Your copy should start at the line with "が中心となり、長年にわたる経" and end at the line with "- ↑ On the map" in the data below. Transcribe only those lines, exactly, pictures excluded.

**Task inputs**
━━━━━━━━━━━━━━━━

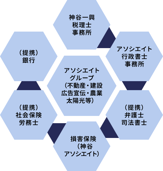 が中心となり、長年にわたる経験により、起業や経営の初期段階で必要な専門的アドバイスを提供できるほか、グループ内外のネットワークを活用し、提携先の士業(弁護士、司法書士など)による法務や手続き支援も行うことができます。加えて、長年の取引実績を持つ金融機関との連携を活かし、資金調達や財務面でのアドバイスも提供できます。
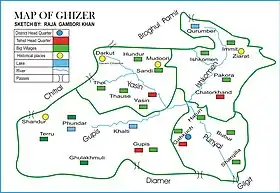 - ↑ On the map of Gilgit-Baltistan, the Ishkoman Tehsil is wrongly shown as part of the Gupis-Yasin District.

━━━━━━━━━━━━━━━━

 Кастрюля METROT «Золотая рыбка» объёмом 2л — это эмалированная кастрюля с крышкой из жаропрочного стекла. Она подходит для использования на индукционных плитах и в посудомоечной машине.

━━━━━━━━━━━━━━━━

**Output for this task**
 が中心となり、長年にわたる経験により、起業や経営の初期段階で必要な専門的アドバイスを提供できるほか、グループ内外のネットワークを活用し、提携先の士業(弁護士、司法書士など)による法務や手続き支援も行うことができます。加えて、長年の取引実績を持つ金融機関との連携を活かし、資金調達や財務面でのアドバイスも提供できます。
 - ↑ On the map of Gilgit-Baltistan, the Ishkoman Tehsil is wrongly shown as part of the Gupis-Yasin District.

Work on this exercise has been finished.